UN Security Council Condemns Attack on Moroccan MINUSCA Peacekeepers

The UN Security Council issued a statement strongly denouncing the attack perpetrated by a rebel group against a convoy of the United Nations Multidimensional Integrated Stabilization Mission in the Central African Republic (MINUSCA) which resulted in four Cambodian peacekeepers killed, 10 wounded, including nine Moroccans and one Cambodian. One Moroccan peacekeeper is reported missing in action.

“The members of the Security Council condemned in the strongest terms the attack on a Multidimensional Integrated Stabilization Mission in the Central African Republic (MINUSCA) convoy near Bangassou (Mbomou) on 8 May 2017 by alleged anti-Balaka elements,” President of the UN Security Council Uruguayan Elbio Rosselli said in the statement.

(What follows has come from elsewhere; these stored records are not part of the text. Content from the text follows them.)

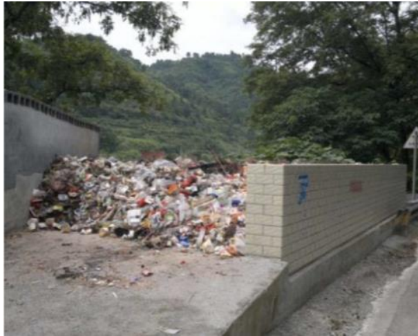
图 4: 垃圾堆满为患的乡村垃圾收集点（古丈县古丈镇且茶村）
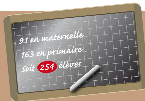
Groupe scolaire privé catholique de la Sainte Famille
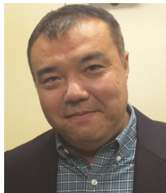
上智大学教授 立憲デモクラシーの会呼びかけ人
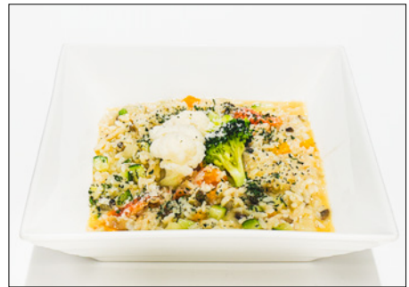
vegetable cheese risotto
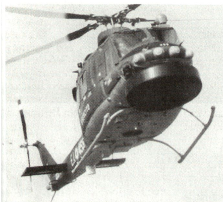
Beobachtungshelikopter Creso, ausgerüstet mit modernem Überwachungsradar.

Eine Idee der Komplexität vermittelt der Teil «Luft» des CATRIN-Systems: Da ist der Helikopter Creso zur Gefechtsfeldüberwachung im Einsatz und ein Drohnenaufklärungssystem, das Mirach 26. Der Creso ist aus einem Agusta-Bell 412 (5,4 t) hervorgegangen, mit
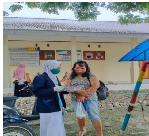
Gambar 2. Penyuluhan menggunakan media leaflet
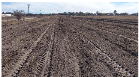
ESTACIONAMIENTO PARA FIESTA
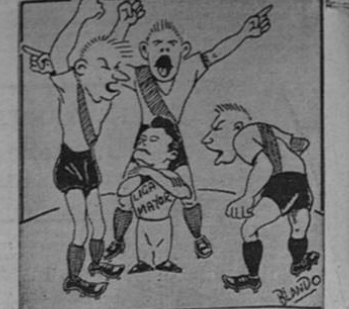
La Liga: Griten cuanto quieran, pero el "38" se aplica.
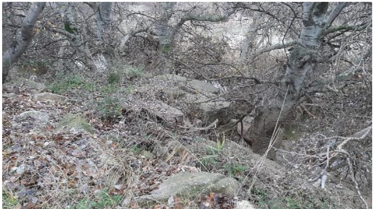
Fotografía 4 Detalle de la defensa transversal al río en la mota actual
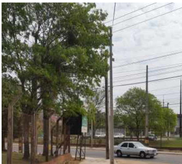
Construcción de Nuevas Líneas de MT PBO 02-05, para alimentación de viviendas sociales en el RC4, en las Ciudades de Asunción y Mariano Roque Alonso, Distrito Capital y Dpto. Central - Licitación Pública Nacional ANDE N° 1168/2015 – Bonos II
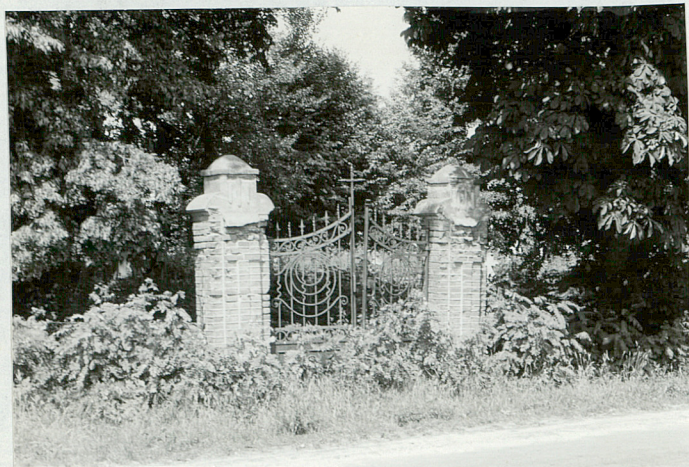
1. Brama cmentarza widok od strony drogi
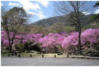
・なぎそミツバツツジ祭り ／三留野(中旬)
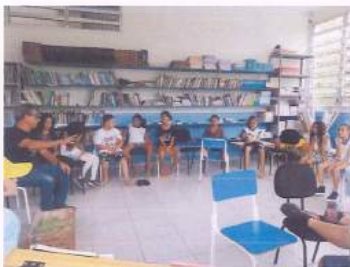
Oficina Biblioteca, 30/11, 4ªA, escola Belarmino
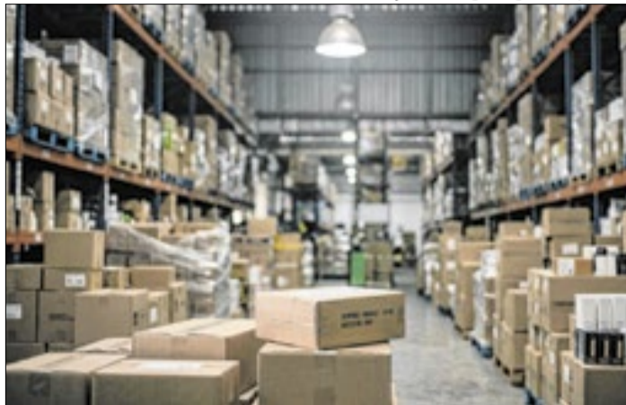
Ilustração / Imagem gerada por IA

Receita espera apreender R$ 30 milhões em mercadorias.
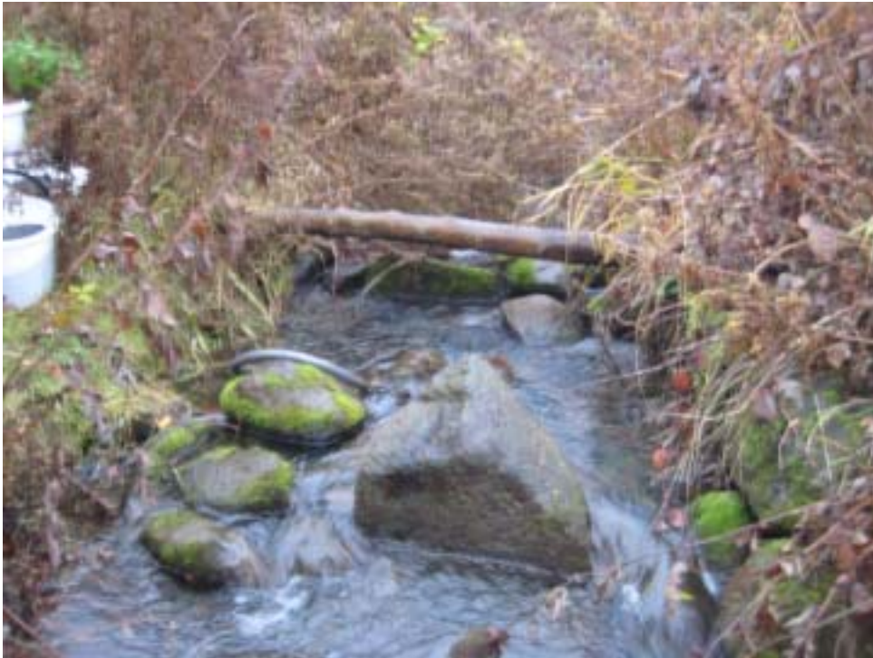
Figur 11. Hindret före åtgärd. Svårpasserat vid låga flöden då vattnet mest rinner mellan stenarna

Stenar i trösklarna flyttades så att bägge trösklar fick ett lägre parti som fisken kan passera genom. Håligheter i trösklar och kanternas stensättning tätades med makadam så att flödet koncentreras till trösklarnas lågpunkt. Efter åtgärd är hindret passerbart för alla arter vid alla flöden.

“The members of the Security Council expressed their deepest condolences and sympathy to the families of the victims, and their deepest sympathy to the families of the peacekeepers injured and the peacekeeper missing, as well as to the Kingdom of Cambodia, the Kingdom of Morocco, and to MINUSCA. They wished the injured a speedy recovery,” the statement said.

The Security Council urged authorities of the Central African Republic to bring the perpetrators of this attack before justice, saying that such raids on peacekeepers amount to “war crimes.”

A Moroccan peacekeeper remains missing since the ambush laid by the anti-Balaka rebel group. A firefight sparked between the MINUSCA convoy and the rebel group causing the death of eight fighters from the Anti-Balaka rebel group.

Following the attack on the MINUSCA convoy, UN Secretary General Antonio Guterres offered his deepest condolences to the bereaved families and the Governments of Morocco and Cambodia and wished a swift recovery to the wounded.

The President of the UN General Assembly Peter Thomson arrived in CAR “to show solidarity” with the MINUSCA peacekeepers.

Clashes between the mainly Muslim Séléka rebel coalition and anti-Balaka militia, which are mostly Christian, plunged the country of 4.5 million people into civil conflict in 2013.